3. Correlating growth rates with vaccination coverage

You’ve been asked to explore whether vaccination coverage and growth rate are correlated. You are on a tight deadline and so only have time to produce one plot.

Thankfully, your colleague has given you some code to join together the vaccination coverage and growth rate data:

codes_to_remove <- c(
  " \\(C\\)",
  " \\(S\\)",
  " \\(RC\\)",
  " \\(B\\)"
) %>%
  paste0(collapse = "|")

summarised_growths <- summarised_growths %>%
  mutate(local_government_area = gsub(
    pattern = codes_to_remove,
    replacement = "",
    x = local_government_area
  ))
terminal_coverage <- vaccination_data_converted %>%
  left_join(summarised_growths, on = "local_government_area")

Create a plot that shows evidence for or against the hypothesis that vaccination coverage and growth rate are correlated. Write a maximum four sentence executive summary of your findings, and compare with a partner in the class.

There are lots of ways to do this. The below is an advanced solution, which calculates the growth rate every day and then looks at the average.

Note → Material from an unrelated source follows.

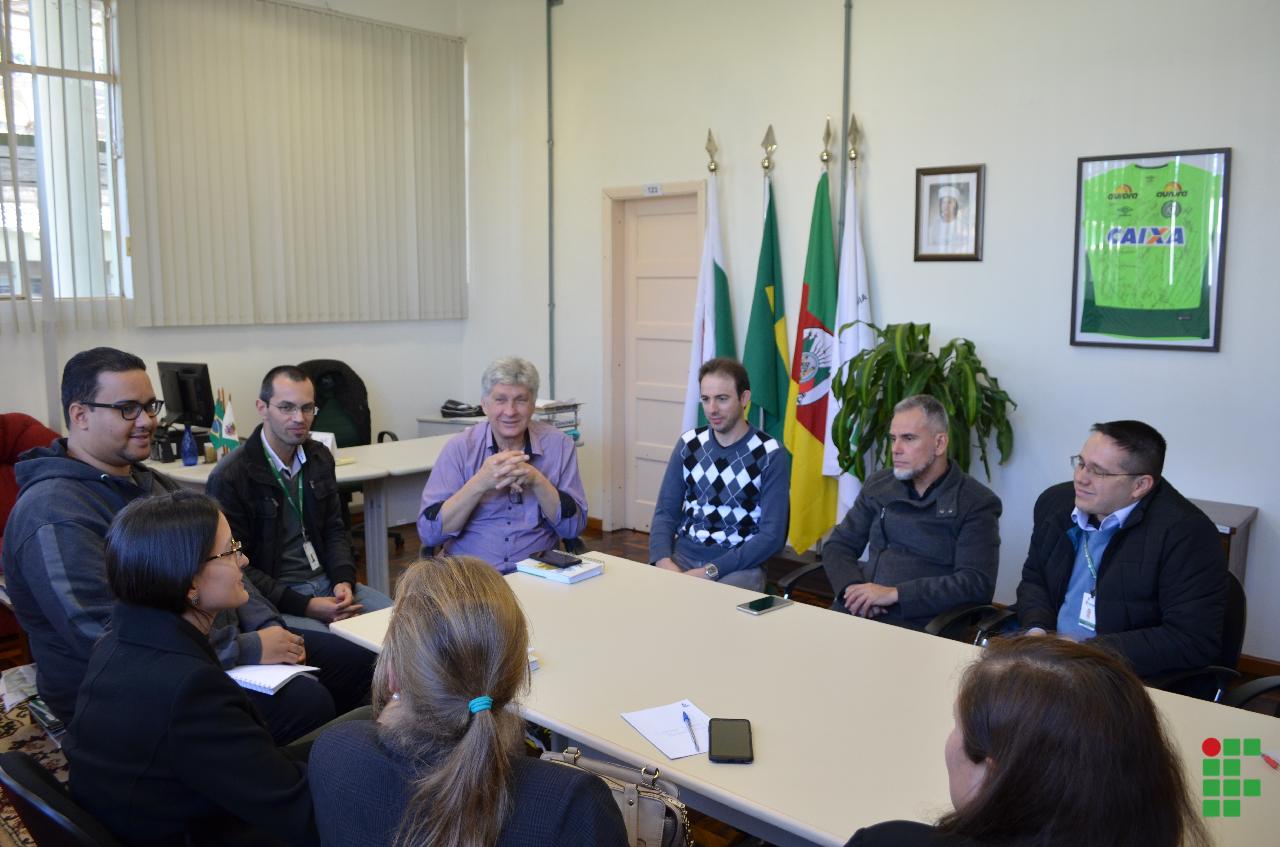 O Diretor Geral do IFFar Campus Frederico Westphalen Carlos Guilherme Trombetta recebeu nesta terça-feira, 13 de agosto, a visita do Reitor da UERGS (Universidade Estadual do Rio Grande do Sul) Professor Dr. Leonardo Alvim Beroldt, na companhia do Diretor Regional Professor Gerônimo Prado, a Coordenadora de cursos da UERGS/FW Professora Claudia Cristina Wesendonck, a Agente Administrativa Josiane Carla Guimarães Amorim e a Professora Analisa Tiburski Sommer também da unidade local.
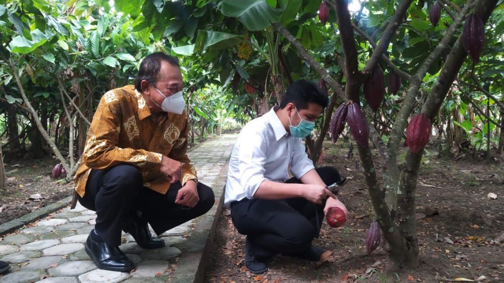 Blitar, Abadinews.id ~ Kampung Coklat di Kota Blitar menjadi tujuan Wakil Gubernur Jawa Timur Emil Elestianto Dardak untuk dikunjungi. Kehadiran Mantan Bupati Trenggalek tersebut menjadi bagian dalam rangka meninjau langsung pemulihan ekonomi disektor wisata. Minggu (11/10/20)

growth_rate <- case_data_aggregated %>%
  filter(year(date) >= 2022) %>%
  group_by(local_government_area) %>%
  mutate(
    growth_rate = slider::slide_dbl(
      .x = num_cases,
      .f = function(v) {
        calculate_growth_rate(Ct0 = v[1], Ct1 = v[7], time = 7)
      },
      .before = 6,
      .after = 0
    )
  )

codes_to_remove <- c(
  " \\(C\\)",
  " \\(S\\)",
  " \\(RC\\)",
  " \\(B\\)"
) %>%
  paste0(collapse = "|")

growth_rate %>%
  summarise(mean_growth_rate = mean(growth_rate, na.rm = TRUE)) %>%
  mutate(local_government_area = gsub(
    pattern = codes_to_remove,
    replacement = "",
    x = local_government_area
  )) %>%
  left_join(vaccination_data_converted, by = "local_government_area") %>%
  ggplot(aes(x = mean_growth_rate, y = THIRD)) +
  geom_point() +
  labs(x = "Mean annual growth rate", y = "Third dose coverage") +
  theme_bw()

From this plot, there is clearly one outlier on the left. Otherwise, there is no clear trend between third dose coverage and growth rate. Perhaps this is our methodology, perhaps it is a real observation, more analysis would be required to tell.

An example executive summary could be:

Correlation between third dose coverage in a local government area and mean annual growth rate have been compared. There is a single LGA with an unusually low growth rate and third dose coverage. Otherwise, there is no clear association between these two quantities. This suggests that increasing third dose coverage may not further reduce growth rate.